Result: Citation counts rise while research quality and originality face pressures.

Policing: Compstat and Crime Statistics

Goal: Public safety, crime reduction

Metric: Reported crime rates

What happened:

  • Pressure to show declining crime rates
  • Officers discourage victims from filing reports
  • Crimes downgraded to lesser offenses (felony → misdemeanor)
  • Manipulation of crime classification data
  • Stops, searches, and arrests increase (measurable actions) while actual crime solving decreases

Multiple police departments caught manipulating crime data to hit Compstat targets while real safety declined or stagnated.


The Psychology of Metric Gaming

Why do people game metrics even when they know it undermines real goals?

Mechanism 1: Rational Response to Incentives

People respond to actual incentives, not stated goals.

If rewards/punishments attach to metrics, the metric becomes the goal in practice—regardless of rhetoric about "real objectives."

Example: Teacher who genuinely cares about student learning but faces job loss if test scores don't improve. Teaching to test becomes survival, not malfeasance.

Mechanism 2: Diffused Responsibility

"I'm just optimizing for what I'm told to optimize for."

When leadership sets metric targets, individuals feel absolved of responsibility for negative consequences.

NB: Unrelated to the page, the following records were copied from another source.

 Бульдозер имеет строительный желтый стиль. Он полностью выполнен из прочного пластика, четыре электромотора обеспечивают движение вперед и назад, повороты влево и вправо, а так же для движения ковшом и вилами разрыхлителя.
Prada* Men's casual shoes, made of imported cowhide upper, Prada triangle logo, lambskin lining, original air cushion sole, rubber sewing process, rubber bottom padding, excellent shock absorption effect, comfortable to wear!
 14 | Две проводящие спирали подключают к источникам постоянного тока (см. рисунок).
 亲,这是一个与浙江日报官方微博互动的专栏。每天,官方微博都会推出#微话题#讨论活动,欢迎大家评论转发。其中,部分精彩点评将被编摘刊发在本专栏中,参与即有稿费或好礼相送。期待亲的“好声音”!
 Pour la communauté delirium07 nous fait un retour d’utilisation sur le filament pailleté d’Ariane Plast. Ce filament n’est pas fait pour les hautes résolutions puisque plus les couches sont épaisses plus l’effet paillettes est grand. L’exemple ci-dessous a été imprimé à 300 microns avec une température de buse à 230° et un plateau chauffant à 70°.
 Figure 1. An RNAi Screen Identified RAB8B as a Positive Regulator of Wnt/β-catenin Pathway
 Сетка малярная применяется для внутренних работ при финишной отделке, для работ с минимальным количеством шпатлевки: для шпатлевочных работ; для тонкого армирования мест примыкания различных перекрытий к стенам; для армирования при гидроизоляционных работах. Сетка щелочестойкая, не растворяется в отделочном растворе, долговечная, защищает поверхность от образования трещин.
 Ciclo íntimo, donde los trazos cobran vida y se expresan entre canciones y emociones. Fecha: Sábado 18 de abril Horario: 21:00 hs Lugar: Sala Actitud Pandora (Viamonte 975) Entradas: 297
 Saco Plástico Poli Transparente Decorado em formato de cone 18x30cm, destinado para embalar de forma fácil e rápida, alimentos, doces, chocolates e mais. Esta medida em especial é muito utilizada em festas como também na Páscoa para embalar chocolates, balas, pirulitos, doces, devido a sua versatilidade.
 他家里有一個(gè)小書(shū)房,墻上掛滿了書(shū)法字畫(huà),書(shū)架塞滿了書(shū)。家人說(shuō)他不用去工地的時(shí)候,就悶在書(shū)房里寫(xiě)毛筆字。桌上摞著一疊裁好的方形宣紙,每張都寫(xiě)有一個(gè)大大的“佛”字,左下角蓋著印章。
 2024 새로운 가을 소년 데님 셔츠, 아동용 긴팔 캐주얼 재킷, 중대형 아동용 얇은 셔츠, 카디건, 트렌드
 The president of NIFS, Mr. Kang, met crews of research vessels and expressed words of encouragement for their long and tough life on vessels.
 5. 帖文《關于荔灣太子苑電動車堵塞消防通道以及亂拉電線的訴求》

Gaming feels like "doing your job," not undermining organizational mission.

Mechanism 3: Short-Term Pressure

Genuine improvement takes time. Metric manipulation produces immediate results. Under pressure for quick wins, gaming becomes attractive.

Mechanism 4: Competitive Dynamics

If others are gaming metrics, you're punished for not gaming. Honest actors lose to gamers when only metrics matter.

Tragedy of the commons: Individual gaming is rational; collective gaming destroys metric's value for everyone.

Mechanism 5: Metric Fixation

Targets become psychologically real.

Once metrics are entrenched, people genuinely start believing hitting the target = success, even when evidence suggests otherwise. Metric becomes substitute for thinking about real goals.

Mechanism 6: Unintended Blindness

Often people gaming metrics don't consciously realize they're undermining goals. They see metric improvement as goal achievement. Ethical fading: Moral dimensions disappear from view when framed as "meeting targets."


Detecting Goodhart's Law in Action

How do you recognize when metrics are being gamed?

Warning Sign 1: Metrics Improve While Real Performance Declines

Most telltale sign: Numbers go up, but qualitative observation suggests things are getting worse.

Examples:

  • Test scores rise but employers complain graduates lack skills
  • Hospital mortality rates fall but patient complaints increase
  • Employee productivity metrics improve but customer satisfaction drops

Action: Always pair quantitative metrics with qualitative assessment. Talk to frontline workers, customers, actual stakeholders.

Warning Sign 2: Creative Compliance Emerges

People find technically compliant ways to hit targets while violating spirit of goal.

Examples:

  • "Clock-stopping" procedures in hospitals
  • Schools encouraging weak students to skip test day
  • Companies booking revenue in current quarter then reversing it later

Pattern: If compliance feels like exploiting loopholes rather than achieving goals, Goodhart's Law is operating.

Warning Sign 3: Focus Narrows to Measured Aspects

Unmeasured dimensions of performance receive less attention, even when important.

Example: Sales team measured on volume closes many low-value deals; high-value strategic deals ignored (harder, longer sales cycles, less immediately measurable).

Warning Sign 4: Metrics Stabilize at "Just Meeting Target"

When many actors cluster just above target threshold, suggests optimization for target rather than genuine performance improvement.

Statistical signature: If natural distribution, you'd expect smooth distribution. Clustering right above target indicates strategic gaming.

Warning Sign 5: Resistance to Metric Changes

If proposals to change or supplement metrics meet strong resistance, often because current metrics are being gamed—changes would expose gaming or require actual improvement.

Warning Sign 6: Data Integrity Issues

Anomalies, inconsistencies, or irregularities in reported data suggest manipulation.

Examples: Sudden discontinuous jumps, data too good to be true, lack of variance, reporting delays around target deadlines.


Designing Metrics That Resist Gaming

Can metrics be designed to minimize Goodhart's Law effects?

Strategy 1: Use Multiple Complementary Metrics

Single metrics are easily gamed. Multiple metrics covering different dimensions make gaming harder—optimizing one often makes others worse.

Example: Hospital quality

Instead of just mortality rate, measure:

  • Mortality rate (outcome)
  • Readmission rate (outcome)
  • Patient experience scores (process)
  • Complication rates (outcome)
  • Average treatment cost (efficiency)
  • Staff satisfaction (leading indicator)

Gaming one metric (e.g., avoiding risky patients to reduce mortality) would harm others (reduce revenue, worsen staff satisfaction from turning away patients).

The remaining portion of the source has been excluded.